Approximately 11% of patients with localized upper tract urothelial carcinoma (UTUC) are managed without surgery, and their survival is worse compared with patients who undergo surgery, according to a recent study.
Chemotherapy and radiation therapy, which are used only in a small proportion of nonsurgical patients, offers no survival advantage, the study found.
Using the National Cancer Database, investigators at Yale School of Medicine in New Haven, Connecticut, led by Brian M. Shuch, MD, identified 28,910 patients with localized UTUC. Of these, 3157 (10.9%) received non-operative management, the investigators reported in The Canadian Journal of Urology. This group was significantly older than the patients who underwent surgery (mean age at diagnosis: 76.7 vs 71.8 years). The no-surgery group had a significantly shorter median survival time than those who underwent surgery (2.0 vs 5.6 years). At 3 years following UTUC diagnosis, the survival rate was 40.2% in the no-surgery group compared with 66.6% in the surgery arm.
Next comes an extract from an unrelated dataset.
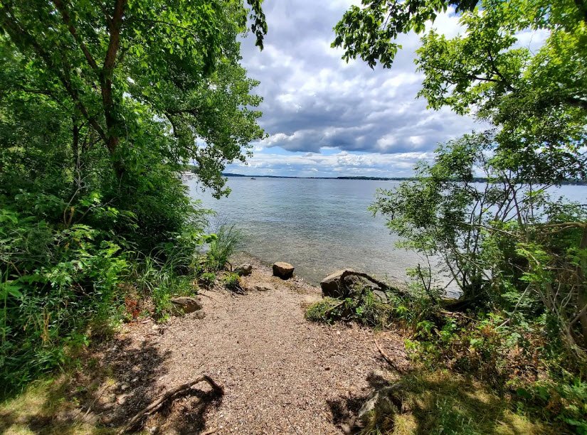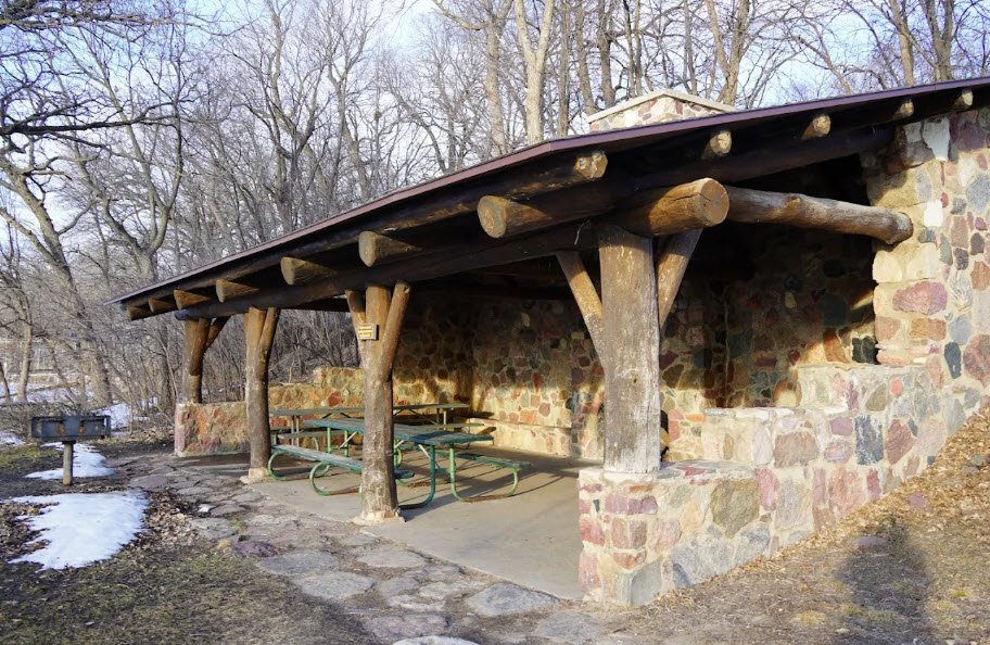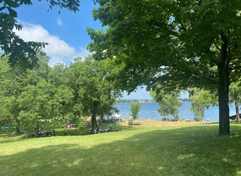 It features one of the area's most popular swimming beaches, a playground, picnic tables with stunning lake views, boating access, and fishing for walleye, bass, perch, and panfish amid clear glacial waters. The highlight is a historic Civilian Conservation Corps stone shelter from 1934—listed on the National Register of Historic Places—available for group events under Gull Point State Park management, offering shaded family gatherings in a serene, wooded setting.

Additionally, patients with high-grade tumors had significantly worse survival than those with low-grade tumors (1.9 vs 3.8 years). The 3-year survival rates were 38.1% and 53%, respectively, Dr Shuch and his collaborators reported.
The no-surgery cohort had a median age of 79 years, which was significantly higher than that of the surgery group (73 years);and 55% of patients were male. Of the 3157 patients, 294 (9.3%) received chemotherapy and 197 (6.3%) received radiation therapy. Patients treated with radiation had a significantly shorter median overall survival (OS) compared with those not treated with radiation (1.4 vs 2.0 years). OS did not differ significantly between patients who received chemotherapy and those who did not.
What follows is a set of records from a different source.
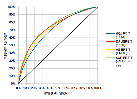 この図の意味は「上位X%の銘柄で時価Y%を支配している」ことを表します。例えばブルーの東証REIT指数は数で10%の銘柄が時価で30%に達していることがわかります。つまり最初の立ち上がりが急なほど少数の上位銘柄がウェイトの大部分を支配していることになり、実効的なNが減少している(分散が効いていない)と解釈できます。等配分で傾き1の直線になります。
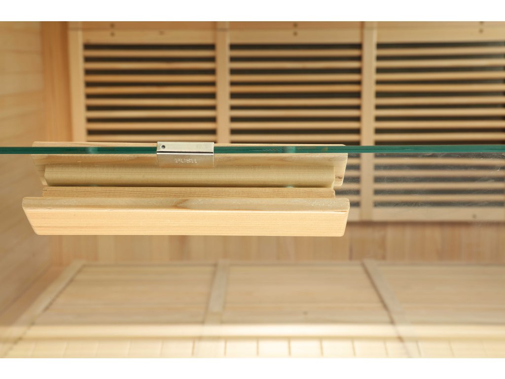 Infrasauna CONSTANCE 2+ je vhodná pro dva dospělé. Vyznačuje se kvalitním řemeslným zpracováním, elegantním designem a bezpečnostní. Vyznačuje se kvalitou. Je vyrobena z vyzrálého dřeva kanadské jedle s životností přes 300 let. Vyniká minimálním množstvím suků a minimální kazivostí bez výskytu smůly. To v konečném důsledku znamená, že při pobytu v sauně ucítíte pouze příjemnou vůni dřeva bez vedlejšího zápachu.
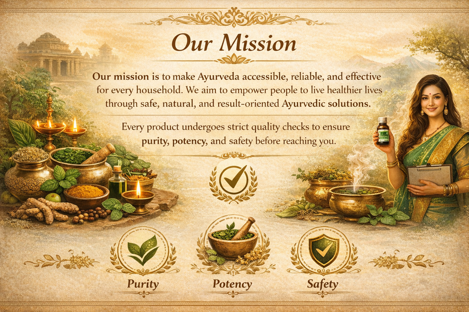 Our mission is to make Ayurveda accessible, reliable, and effective for every household. We aim to empower people to live healthier lives through safe, natural, and result-oriented Ayurvedic solutions.
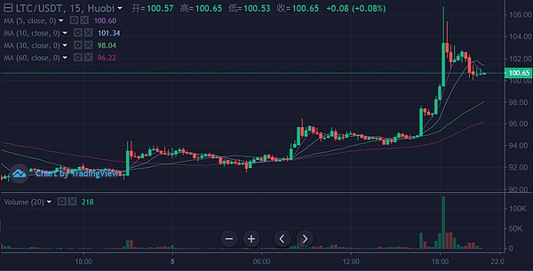 截至减产完成,LTC价格为104.48美元,24小时内涨幅约为13.6%。但戏剧性的行情变化发生莱特币减半前后的几小时——在减半前3小时,LTC价格连续上升,最高触及106.8美元;随着减半完成,LTC价格连续下跌,目前已跌破100美元。

In the no-surgery group, male sex, older age, larger tumor size, and higher comorbidity score (2 or higher vs 0) independently predicted worse OS.
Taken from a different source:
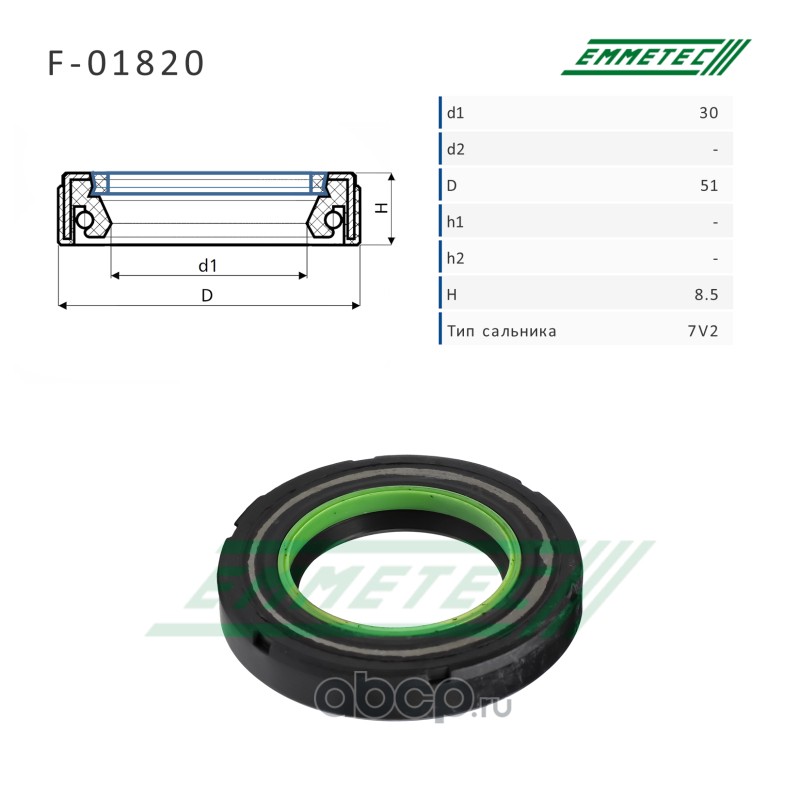 | EMMETEC | F01820 | Сальник рулевой рейки 30*51*8.5 (7V2) | ||

In a finding that the investigators considered surprising, the distribution of comorbidity scores did not differ between the surgery and no-surgery groups.
In a discussion of study limitations, Dr Shuch’s team noted that they did not have access to information regarding disease-specific survival, chemotherapy or radiotherapy indications, reasons for not pursuing surgery, and detailed staging methodology. In addition, the study was limited to only to patients with pathologic diagnoses, and tumor histology was not assessed under central pathology review.
“Despite our limitations,” the authors wrote, “the large sample size and detailed clinical followup has allowed us to describe relevant survival outcomes and may be useful for counseling patients who are not surgical candidates.”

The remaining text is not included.